Full Petal Jacket is the seventh album released by surf music band The Surfin' Lungs, released in 2010 on the Spanish label Wild Punk Records and features a rare lead vocal by bassist Steve Dean, who wrote After All This Time about his wife. All 14 tracks are self-penned and they continue in the surf, sun and girls vein which the Lungs have become renowned for.

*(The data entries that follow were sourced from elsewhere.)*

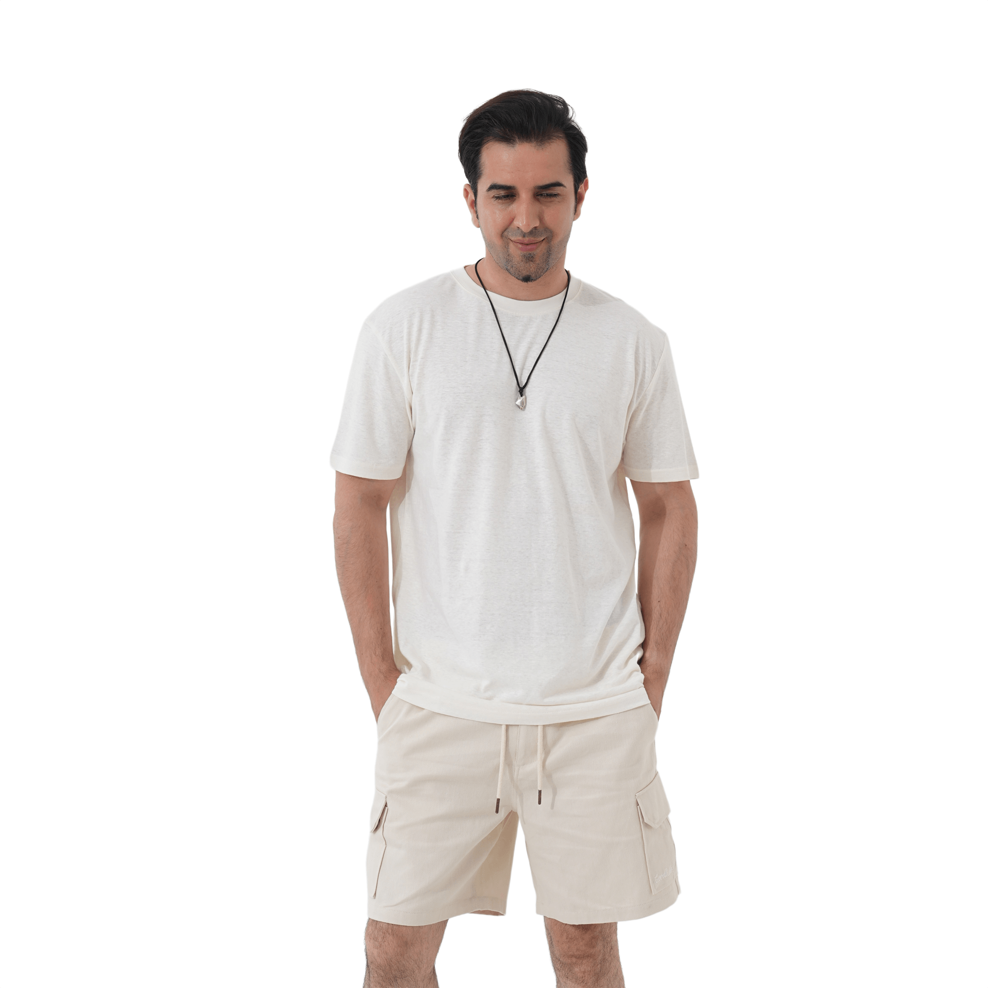 Мушке кошуље од конопље са дуплом иглом прошивене на рукавима и доњем рубу, трака за врат од рамена до рамена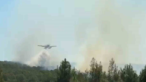 Tekirdağ’ın Şarköy ilçesinde ormanlık alanda çıkan yangına karadan ve havadan müdahale ediliyor.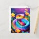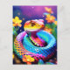Cobra snake with vibrant turquoise pink and yellow postcard
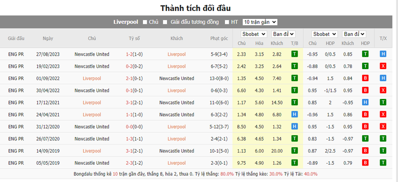 Liverpool có ít hơn 2,5 lần việt vị trong 5 trận sân nhà gần nhất gặp Newcastle United. Đã có dưới 4,5 thẻ vàng trong 5 trận gần đây của Liverpool gặp Newcastle United.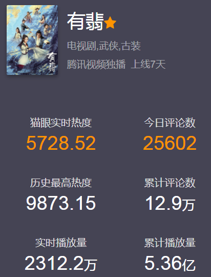 《有翡》线上的播放量最为惊人,它是国内最快破亿的剧集之一,目前它的热度继续蝉联全网第一。截止15点24,实时播放量2312万次,上线7天累计播放量破5.36亿次。只在一个平台播出就这么牛,赵丽颖的号召力太强大了,她真不愧是电视剧圈的“一姐”。

Without the hard, punkier edge of Surf, Drags, Full Petal Jacket is a prime example of how to execute surf pop.

Track listing 
 Surf Bus (Dean, Pearce, Gilling, Weazel) – Lead vocals: Chris Pearce
 Let's Have A Beach Party (Dean, Pearce, Gilling, Weazel) – Lead vocals: Clive Gilling
 The Girls Gone Wild (Dean, Pearce, Gilling, Weazel) – Lead vocals: Chris Pearce
 97XF11 (Dean, Pearce, Gilling, Weazel) – Instrumental
 Out On The Corner (Dean, Pearce, Gilling, Weazel) – Lead vocals: Chris Pearce
 Talk Of The Locker Room (Dean, Pearce, Gilling, Weazel) – Lead vocals: Chris Pearce
 After All This TIme (Dean, Pearce, Gilling, Weazel) – Lead vocals: Steve Dean
 Bubblegum Summer (Dean, Pearce, Gilling, Weazel) – Lead vocals: Clive Gilling
 The Dance With No Name (Dean, Pearce, Gilling, Weazel) – Lead vocals: Chris Pearce
 Umgawa (Dean, Pearce, Gilling, Weazel) – Instrumental
 Perfect Summer (Dean, Pearce, Gilling, Weazel) – Lead vocals: Chris Pearce
 Storm Warning (Dean, Pearce, Gilling, Weazel) – Lead vocals: Chris Pearce
 She's A Surf Punk (Dean, Pearce, Gilling, Weazel) – Lead vocals: Chris Pearce
 The Surf's Up (Dean, Pearce, Gilling, Weazel) – Lead vocals: Chris Pearce

Personnel 
 Chris Pearce – vocals, guitar
 Steve Dean – vocals, bass
 Clive Gilling – vocals, guitar, keyboards
 Sputnik Weazel – vocals, drums, percussion

Producer 
 The Surfin' Lungs

Trivia 
 Former drummer Al Beckett plays the tambourine on Bubblegum Summer.
 Surf Bus was one of the tracks reviewed on Spencer Leigh's Jukebox Jury programme on Radio Merseyside.
 The album was voted the third best release in 2010 on US radio station WITR-FM's Whole Lotta Shakin programme, while it was also record of the week on El Sotano'' on National Radio 3 in Spain.